» Task directions
Output each entry verbatim and exclude every picture from it.

» Data provided
========================================================================

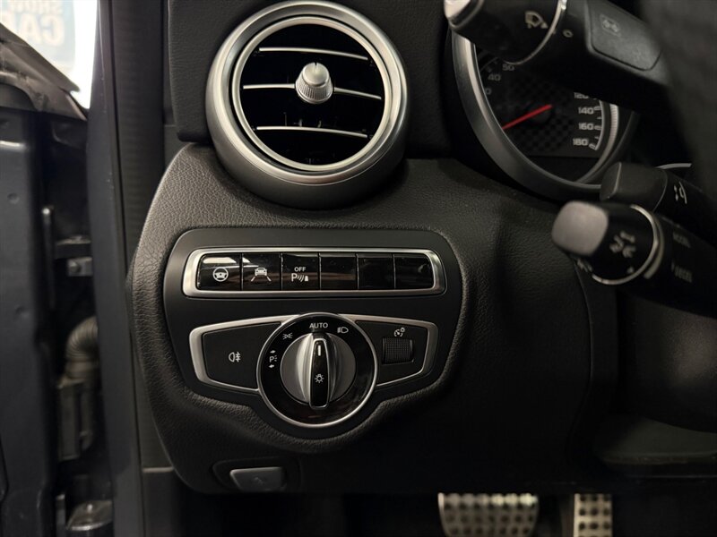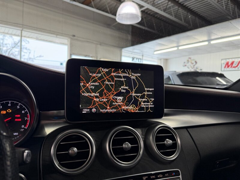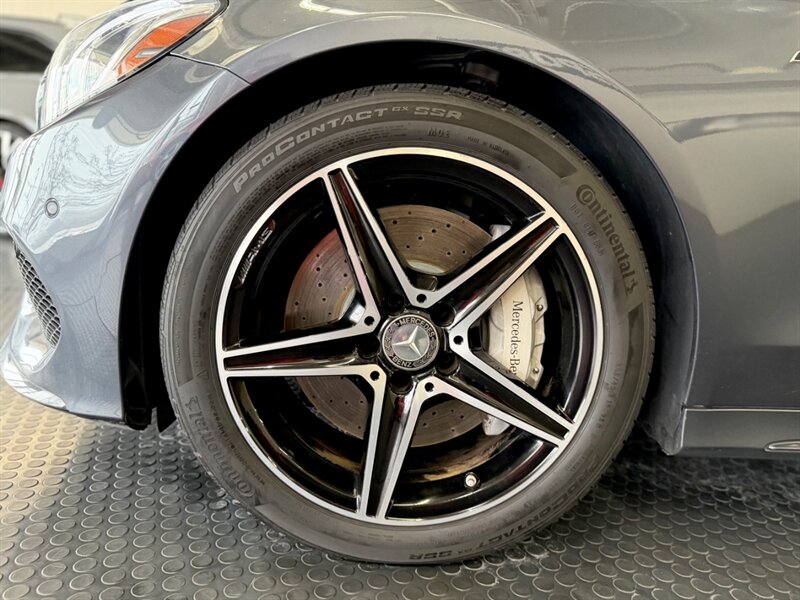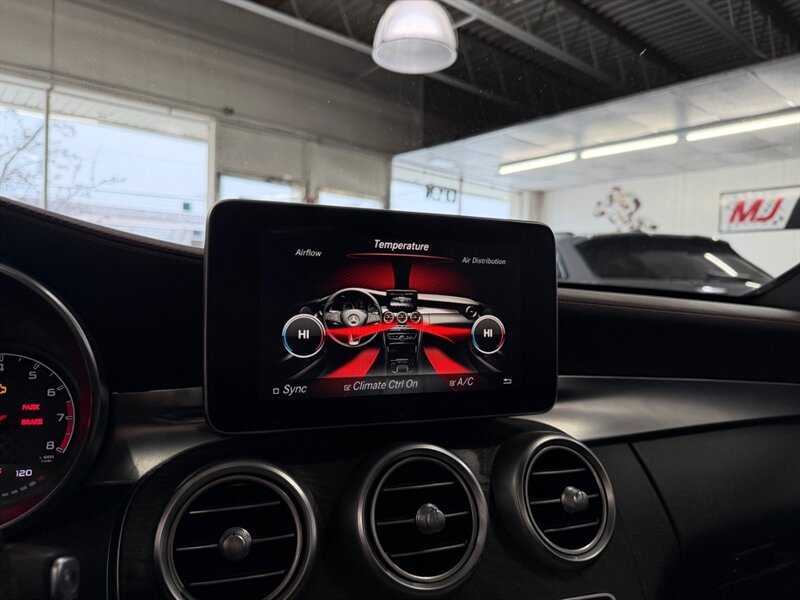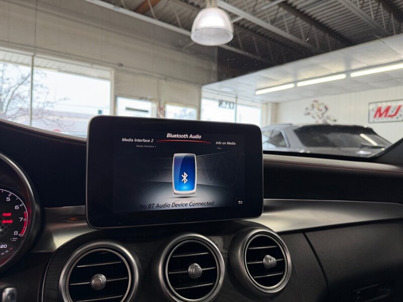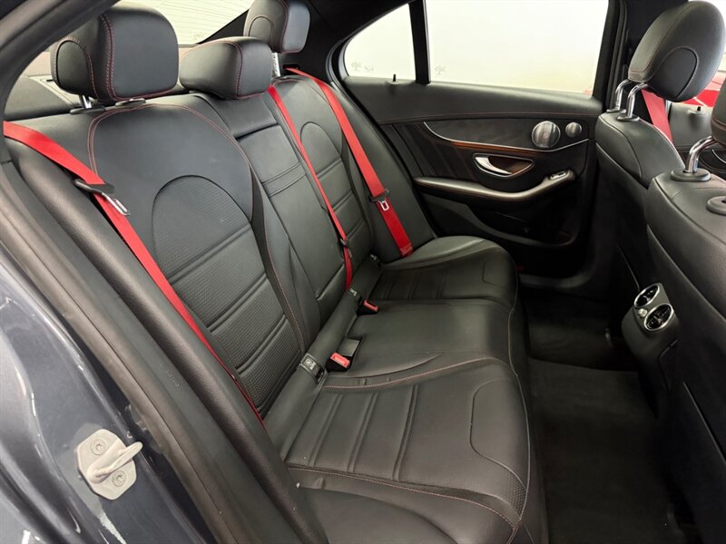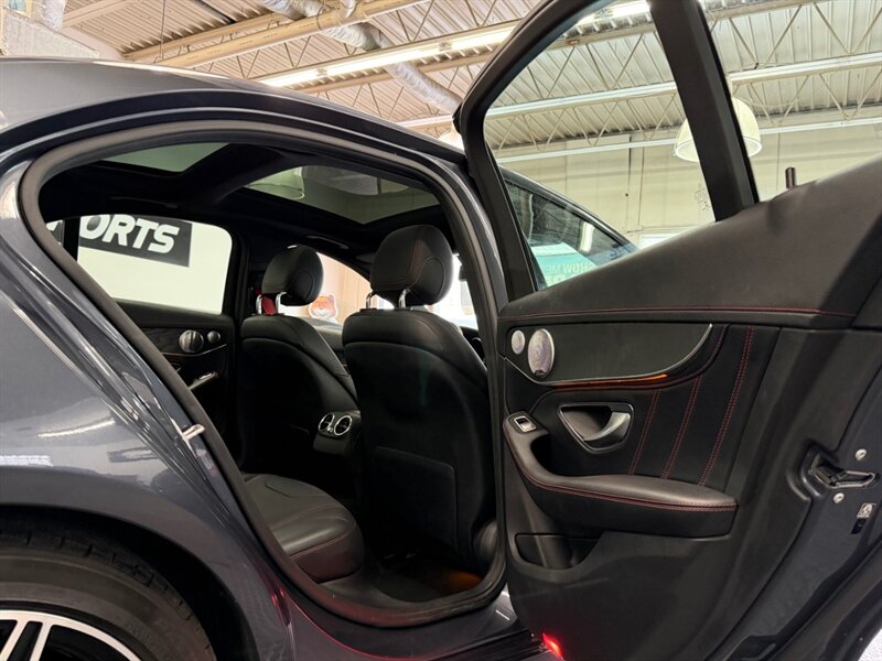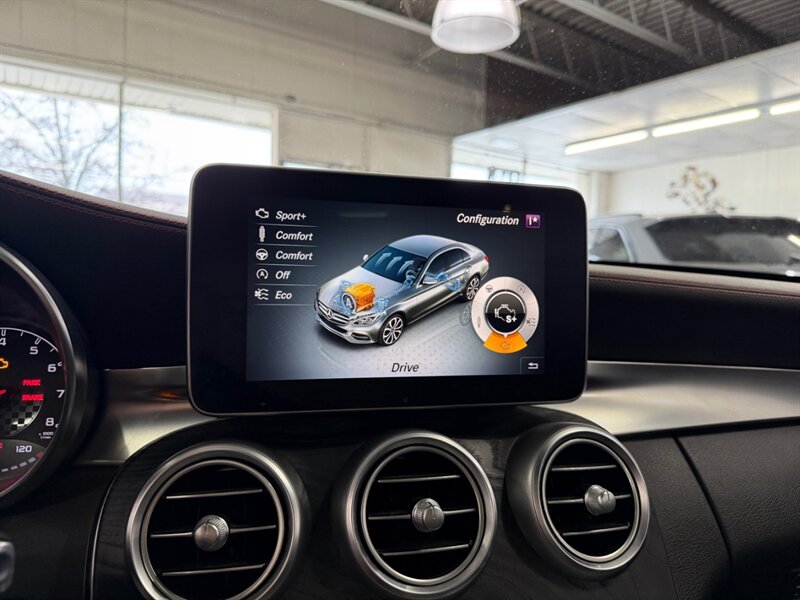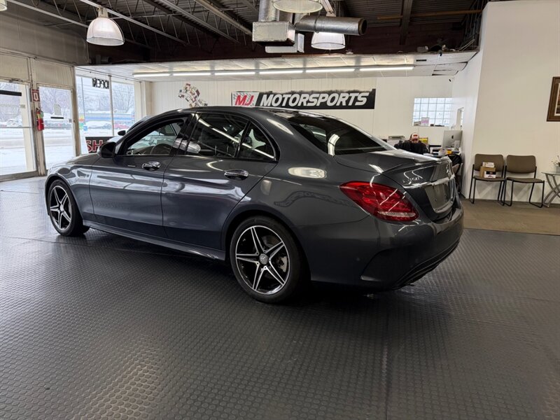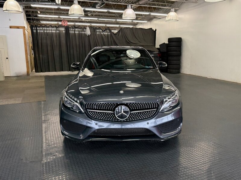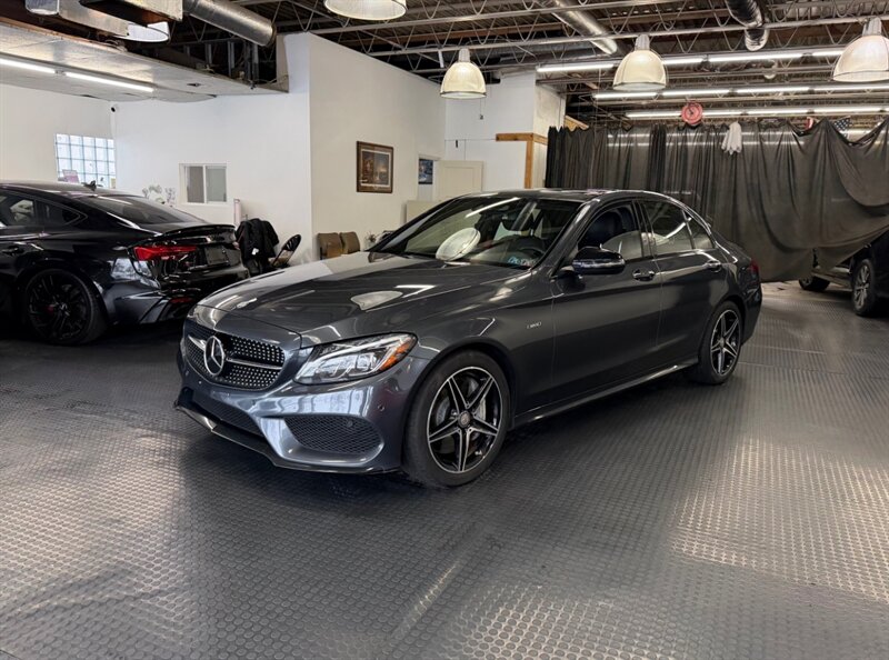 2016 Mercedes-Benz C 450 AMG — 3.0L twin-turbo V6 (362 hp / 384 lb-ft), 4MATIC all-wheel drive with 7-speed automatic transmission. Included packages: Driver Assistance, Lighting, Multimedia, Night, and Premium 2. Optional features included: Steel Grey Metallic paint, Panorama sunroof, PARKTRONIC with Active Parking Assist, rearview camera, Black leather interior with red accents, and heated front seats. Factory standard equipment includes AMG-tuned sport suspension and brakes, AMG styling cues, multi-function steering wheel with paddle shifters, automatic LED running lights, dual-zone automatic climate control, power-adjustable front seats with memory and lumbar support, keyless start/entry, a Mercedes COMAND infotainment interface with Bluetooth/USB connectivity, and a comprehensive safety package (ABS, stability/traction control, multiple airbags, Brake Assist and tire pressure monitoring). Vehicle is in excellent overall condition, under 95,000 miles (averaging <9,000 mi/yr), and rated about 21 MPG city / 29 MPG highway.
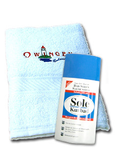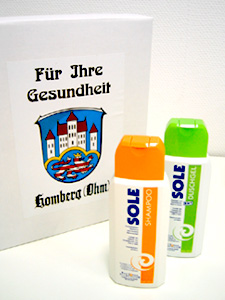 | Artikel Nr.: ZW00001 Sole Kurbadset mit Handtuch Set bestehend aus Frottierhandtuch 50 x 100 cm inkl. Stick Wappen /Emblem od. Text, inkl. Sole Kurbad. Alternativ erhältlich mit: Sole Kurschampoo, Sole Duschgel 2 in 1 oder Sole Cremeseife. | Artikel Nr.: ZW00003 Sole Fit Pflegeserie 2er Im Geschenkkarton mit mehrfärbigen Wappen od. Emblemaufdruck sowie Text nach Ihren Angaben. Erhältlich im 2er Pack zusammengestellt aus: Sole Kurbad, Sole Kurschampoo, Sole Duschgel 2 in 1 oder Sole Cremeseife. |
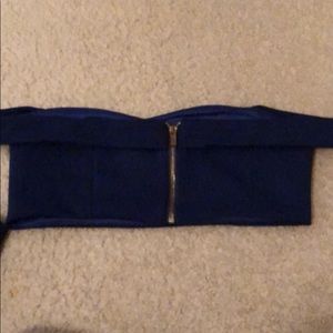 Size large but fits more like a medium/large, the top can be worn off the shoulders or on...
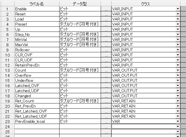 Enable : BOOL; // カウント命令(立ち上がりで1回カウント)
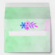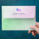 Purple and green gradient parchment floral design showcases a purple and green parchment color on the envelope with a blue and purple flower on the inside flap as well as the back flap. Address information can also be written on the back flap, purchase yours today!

========================================================================

» Task response
 2016 Mercedes-Benz C 450 AMG — 3.0L twin-turbo V6 (362 hp / 384 lb-ft), 4MATIC all-wheel drive with 7-speed automatic transmission. Included packages: Driver Assistance, Lighting, Multimedia, Night, and Premium 2. Optional features included: Steel Grey Metallic paint, Panorama sunroof, PARKTRONIC with Active Parking Assist, rearview camera, Black leather interior with red accents, and heated front seats. Factory standard equipment includes AMG-tuned sport suspension and brakes, AMG styling cues, multi-function steering wheel with paddle shifters, automatic LED running lights, dual-zone automatic climate control, power-adjustable front seats with memory and lumbar support, keyless start/entry, a Mercedes COMAND infotainment interface with Bluetooth/USB connectivity, and a comprehensive safety package (ABS, stability/traction control, multiple airbags, Brake Assist and tire pressure monitoring). Vehicle is in excellent overall condition, under 95,000 miles (averaging <9,000 mi/yr), and rated about 21 MPG city / 29 MPG highway.
 | Artikel Nr.: ZW00001 Sole Kurbadset mit Handtuch Set bestehend aus Frottierhandtuch 50 x 100 cm inkl. Stick Wappen /Emblem od. Text, inkl. Sole Kurbad. Alternativ erhältlich mit: Sole Kurschampoo, Sole Duschgel 2 in 1 oder Sole Cremeseife. | Artikel Nr.: ZW00003 Sole Fit Pflegeserie 2er Im Geschenkkarton mit mehrfärbigen Wappen od. Emblemaufdruck sowie Text nach Ihren Angaben. Erhältlich im 2er Pack zusammengestellt aus: Sole Kurbad, Sole Kurschampoo, Sole Duschgel 2 in 1 oder Sole Cremeseife. |
 Size large but fits more like a medium/large, the top can be worn off the shoulders or on...
 Enable : BOOL; // カウント命令(立ち上がりで1回カウント)
 Purple and green gradient parchment floral design showcases a purple and green parchment color on the envelope with a blue and purple flower on the inside flap as well as the back flap. Address information can also be written on the back flap, purchase yours today!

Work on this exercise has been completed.